Lauzes, Angèle Paoli (par Philippe Leuckx)
Lauzes, mars 2021, 124 pages (préface Marie-Hélène Prouteau, Ill. Guy Paul Chauder), 20 €
Ecrivain(s): Angèle Paoli Edition: Al Manar
Voilà un ouvrage qui déroge à l’ordinaire des publications et le titre sans doute étrange en dresse une porte d’entrée insolite. Les lauzes, entre vert et gris, qui peuplent certaines toitures, servent de petites pierres pour accueillir ici chacune des découvertes romaines ou autres qu’un regard d’observatrice experte propose. Un rien entomologiste, visant à scruter à la manière d’un insecte le monde ambiant, la nouvelliste prend son temps pour trouver les beaux et bons mots aptes à restituer lumière, éclat, souvenirs.

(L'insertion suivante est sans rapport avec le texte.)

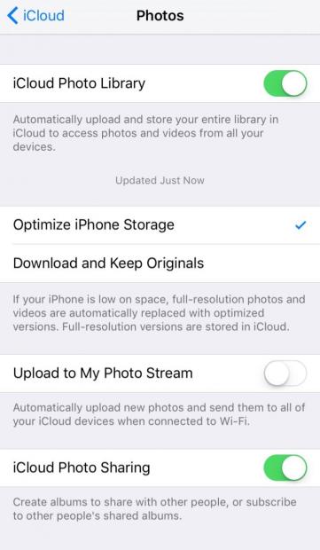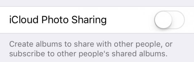 Ứng dụng này cho phép người dùng chia sẻ những hình ảnh và video và nhận Album của người khác. Những Album này sẽ tự động chuyển đến điện thoại của bạn và chiếm một bộ nhớ không nhỏ. Vì vậy, hãy tắt tính năng này đi bằng cách truy cập vào Settings/ iCloud/ Photo/ Tắt tính năng này.

Particulièrement beaux, les deux récits (Ponte Mammolo, Centrale Montemartini) qui nous mènent aux confins pasoliniens de Rome : Via Ostiense ou vers Tivoli, dans un endroit pas possible où il faut patience pour se trouver un bus, un train, mais où la solidarité sert parfois et heureusement de monnaie d’échange. On retrouve là l’esprit pasolinien des terrains vagues, des rencontres fortuites, d’une Rome populaire et quasi oubliée, loin du centre, aux confins de la ville. Angèle s’y trouve à son aise, dans la description précise de ces lieux désordonnés, bouillants de vie, incommodes et vrais.
Chaque poème sert de transition entre deux récits.

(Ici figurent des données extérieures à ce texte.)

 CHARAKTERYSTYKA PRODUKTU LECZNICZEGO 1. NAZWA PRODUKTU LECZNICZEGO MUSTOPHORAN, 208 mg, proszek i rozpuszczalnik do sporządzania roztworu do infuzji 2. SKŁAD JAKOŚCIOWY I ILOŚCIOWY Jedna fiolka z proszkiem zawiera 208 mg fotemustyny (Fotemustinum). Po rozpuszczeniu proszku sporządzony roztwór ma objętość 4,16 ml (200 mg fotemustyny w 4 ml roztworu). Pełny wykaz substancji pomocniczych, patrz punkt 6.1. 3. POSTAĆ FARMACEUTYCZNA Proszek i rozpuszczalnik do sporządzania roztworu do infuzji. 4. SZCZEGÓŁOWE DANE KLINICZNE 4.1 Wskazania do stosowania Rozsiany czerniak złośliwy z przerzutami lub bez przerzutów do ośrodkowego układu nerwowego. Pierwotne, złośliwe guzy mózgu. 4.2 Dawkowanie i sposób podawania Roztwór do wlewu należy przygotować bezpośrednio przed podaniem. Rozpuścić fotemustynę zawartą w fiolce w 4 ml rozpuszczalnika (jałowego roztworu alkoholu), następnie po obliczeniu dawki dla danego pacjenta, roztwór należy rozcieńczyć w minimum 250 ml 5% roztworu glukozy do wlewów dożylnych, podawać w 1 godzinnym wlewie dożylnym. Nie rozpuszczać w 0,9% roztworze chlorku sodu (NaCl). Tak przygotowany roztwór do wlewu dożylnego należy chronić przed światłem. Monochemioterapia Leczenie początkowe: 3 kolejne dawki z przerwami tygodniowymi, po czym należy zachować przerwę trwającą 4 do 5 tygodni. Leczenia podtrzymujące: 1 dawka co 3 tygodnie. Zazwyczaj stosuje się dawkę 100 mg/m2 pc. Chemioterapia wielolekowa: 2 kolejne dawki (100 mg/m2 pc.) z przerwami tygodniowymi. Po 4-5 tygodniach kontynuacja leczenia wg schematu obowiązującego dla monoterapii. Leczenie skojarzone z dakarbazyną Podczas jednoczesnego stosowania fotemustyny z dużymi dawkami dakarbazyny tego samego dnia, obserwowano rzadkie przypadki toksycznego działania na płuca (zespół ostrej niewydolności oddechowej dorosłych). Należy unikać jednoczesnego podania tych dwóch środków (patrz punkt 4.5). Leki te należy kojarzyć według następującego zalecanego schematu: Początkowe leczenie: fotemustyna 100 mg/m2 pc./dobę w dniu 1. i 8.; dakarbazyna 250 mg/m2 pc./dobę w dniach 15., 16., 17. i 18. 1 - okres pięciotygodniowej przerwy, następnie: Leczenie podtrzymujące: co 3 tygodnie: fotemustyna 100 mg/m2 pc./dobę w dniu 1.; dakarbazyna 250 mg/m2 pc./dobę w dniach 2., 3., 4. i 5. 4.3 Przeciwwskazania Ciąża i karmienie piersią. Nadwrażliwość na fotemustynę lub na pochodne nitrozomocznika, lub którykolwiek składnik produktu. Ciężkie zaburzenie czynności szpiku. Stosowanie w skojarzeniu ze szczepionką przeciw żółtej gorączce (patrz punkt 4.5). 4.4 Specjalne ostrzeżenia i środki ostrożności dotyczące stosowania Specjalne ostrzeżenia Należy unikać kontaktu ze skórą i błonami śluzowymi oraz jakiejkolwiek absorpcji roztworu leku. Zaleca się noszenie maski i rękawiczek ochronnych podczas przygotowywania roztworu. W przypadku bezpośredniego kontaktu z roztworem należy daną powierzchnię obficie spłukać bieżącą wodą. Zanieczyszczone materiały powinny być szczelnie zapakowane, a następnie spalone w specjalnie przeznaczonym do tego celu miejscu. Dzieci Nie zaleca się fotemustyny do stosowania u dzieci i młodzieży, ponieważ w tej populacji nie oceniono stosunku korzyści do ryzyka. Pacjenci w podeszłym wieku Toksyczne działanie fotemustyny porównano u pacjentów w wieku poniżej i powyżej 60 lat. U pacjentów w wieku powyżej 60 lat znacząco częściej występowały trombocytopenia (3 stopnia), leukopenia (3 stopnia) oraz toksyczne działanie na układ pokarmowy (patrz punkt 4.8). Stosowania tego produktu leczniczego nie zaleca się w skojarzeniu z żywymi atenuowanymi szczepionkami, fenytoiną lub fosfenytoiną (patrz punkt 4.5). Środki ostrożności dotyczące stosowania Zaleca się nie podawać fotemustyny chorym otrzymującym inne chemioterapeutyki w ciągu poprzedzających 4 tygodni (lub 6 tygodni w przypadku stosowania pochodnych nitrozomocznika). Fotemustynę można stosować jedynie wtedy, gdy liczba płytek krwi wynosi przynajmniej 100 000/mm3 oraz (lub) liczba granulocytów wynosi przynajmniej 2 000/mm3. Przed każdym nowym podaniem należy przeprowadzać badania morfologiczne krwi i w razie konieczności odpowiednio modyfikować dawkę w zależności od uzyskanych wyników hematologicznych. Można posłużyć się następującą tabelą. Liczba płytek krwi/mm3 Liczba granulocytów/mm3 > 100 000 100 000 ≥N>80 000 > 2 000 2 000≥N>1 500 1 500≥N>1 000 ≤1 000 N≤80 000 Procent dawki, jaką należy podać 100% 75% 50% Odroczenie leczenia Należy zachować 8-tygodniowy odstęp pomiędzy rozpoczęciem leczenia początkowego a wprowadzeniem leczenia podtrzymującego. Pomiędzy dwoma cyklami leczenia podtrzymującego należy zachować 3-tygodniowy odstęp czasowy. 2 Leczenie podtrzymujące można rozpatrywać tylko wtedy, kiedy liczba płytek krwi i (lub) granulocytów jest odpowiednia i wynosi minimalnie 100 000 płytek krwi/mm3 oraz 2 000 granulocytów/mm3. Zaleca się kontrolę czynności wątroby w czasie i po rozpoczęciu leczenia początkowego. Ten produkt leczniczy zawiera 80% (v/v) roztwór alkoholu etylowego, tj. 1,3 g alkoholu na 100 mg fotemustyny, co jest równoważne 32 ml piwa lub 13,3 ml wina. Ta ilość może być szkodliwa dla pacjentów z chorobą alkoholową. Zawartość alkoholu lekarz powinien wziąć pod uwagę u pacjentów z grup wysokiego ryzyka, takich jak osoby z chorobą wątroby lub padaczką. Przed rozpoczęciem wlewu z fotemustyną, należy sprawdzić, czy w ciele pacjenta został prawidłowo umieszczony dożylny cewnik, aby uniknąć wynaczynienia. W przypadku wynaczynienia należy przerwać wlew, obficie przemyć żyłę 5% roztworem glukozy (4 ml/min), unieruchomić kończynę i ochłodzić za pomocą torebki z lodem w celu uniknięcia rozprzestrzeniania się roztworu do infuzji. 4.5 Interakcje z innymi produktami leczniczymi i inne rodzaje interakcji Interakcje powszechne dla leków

Les chasseurs à l’affût surveillent les talus
lauzes à découvert
bouquets de menthe bleue (p.61)
Chaque poème, comme une lauze zèbre le toit.

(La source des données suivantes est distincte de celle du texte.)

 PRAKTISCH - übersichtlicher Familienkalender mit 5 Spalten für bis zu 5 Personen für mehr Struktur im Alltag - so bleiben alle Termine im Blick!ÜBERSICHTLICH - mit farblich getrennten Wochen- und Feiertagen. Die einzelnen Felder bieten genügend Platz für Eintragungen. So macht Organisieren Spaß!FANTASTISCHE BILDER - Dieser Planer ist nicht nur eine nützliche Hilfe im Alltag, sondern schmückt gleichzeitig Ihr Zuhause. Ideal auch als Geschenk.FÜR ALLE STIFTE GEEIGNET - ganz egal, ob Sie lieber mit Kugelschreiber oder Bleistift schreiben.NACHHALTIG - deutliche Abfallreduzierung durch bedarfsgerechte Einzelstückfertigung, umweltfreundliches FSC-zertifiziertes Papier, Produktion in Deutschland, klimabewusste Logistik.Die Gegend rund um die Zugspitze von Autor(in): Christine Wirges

Transition ou miracle de vert gris.
L’Italie donne sa coloration particulière à ces récits, L’Arétin, la « Jeune fille morte », les collines toscanes s’imprègnent d’une atmosphère, à la fois ouatée et grave, à l’aune des fresques observées. Comme les lauzes se superposent pour offrir une étanchéité parfaite, les récits, ici, s’emboîtent pour dérouler la ferveur de la nouvelliste envers sa terre aimée.
L’écriture, très gourmande de sensations vives, se nourrit de termes rares, que la botanique enchante, sert une sensualité aussi vive, comme dans le volume Italies Fabulae, comme si les terres fêtées rejaillissaient dans la forme même du propos.
A-t-on jamais vu nonnains en cornettes pique-niquer toutes de noir vêtues sur une plage où les femmes vont nues ? Assises en tailleur sur les galets chauds voilures offertes à la brise et ailes d’aigrettes elles sont occupées à poser bien à plat nappes et couverts à soupeser des fruits la rondeur parfaite pêches joufflues et cerises gourmandes à picorer de-ci de-là de menues friandises qu’elles tirent, minutieuses, de leurs paniers (p.105).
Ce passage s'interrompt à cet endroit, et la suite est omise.